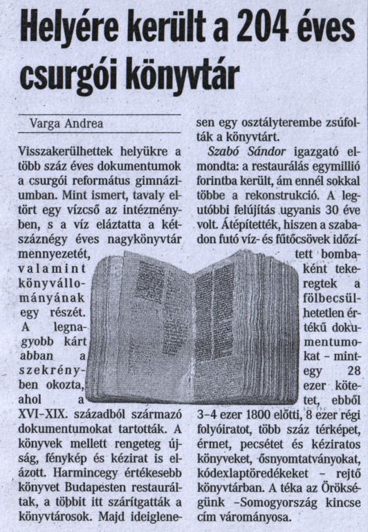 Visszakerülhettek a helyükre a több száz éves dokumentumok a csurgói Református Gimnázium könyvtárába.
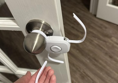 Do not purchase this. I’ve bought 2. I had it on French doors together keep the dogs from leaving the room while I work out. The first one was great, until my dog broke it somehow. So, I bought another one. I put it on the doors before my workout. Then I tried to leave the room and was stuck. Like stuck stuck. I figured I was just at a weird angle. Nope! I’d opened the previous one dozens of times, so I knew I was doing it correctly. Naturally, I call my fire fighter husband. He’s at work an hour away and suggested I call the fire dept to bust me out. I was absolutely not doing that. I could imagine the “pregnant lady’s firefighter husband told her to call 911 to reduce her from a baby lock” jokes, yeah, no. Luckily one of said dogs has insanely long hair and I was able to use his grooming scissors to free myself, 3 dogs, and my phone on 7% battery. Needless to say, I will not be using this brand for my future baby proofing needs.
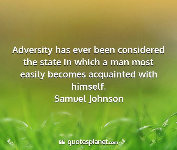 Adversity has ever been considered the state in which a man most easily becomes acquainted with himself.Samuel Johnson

...

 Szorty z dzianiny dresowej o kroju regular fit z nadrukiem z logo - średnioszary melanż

Work request
Using the data above, retype exactly the lines from the line with "Visszakerülhettek a helyükre" to the line with "Adversity has ever", inclusive. No pictures and nothing else.

Solution below
 Visszakerülhettek a helyükre a több száz éves dokumentumok a csurgói Református Gimnázium könyvtárába.
 Do not purchase this. I’ve bought 2. I had it on French doors together keep the dogs from leaving the room while I work out. The first one was great, until my dog broke it somehow. So, I bought another one. I put it on the doors before my workout. Then I tried to leave the room and was stuck. Like stuck stuck. I figured I was just at a weird angle. Nope! I’d opened the previous one dozens of times, so I knew I was doing it correctly. Naturally, I call my fire fighter husband. He’s at work an hour away and suggested I call the fire dept to bust me out. I was absolutely not doing that. I could imagine the “pregnant lady’s firefighter husband told her to call 911 to reduce her from a baby lock” jokes, yeah, no. Luckily one of said dogs has insanely long hair and I was able to use his grooming scissors to free myself, 3 dogs, and my phone on 7% battery. Needless to say, I will not be using this brand for my future baby proofing needs.
 Adversity has ever been considered the state in which a man most easily becomes acquainted with himself.Samuel Johnson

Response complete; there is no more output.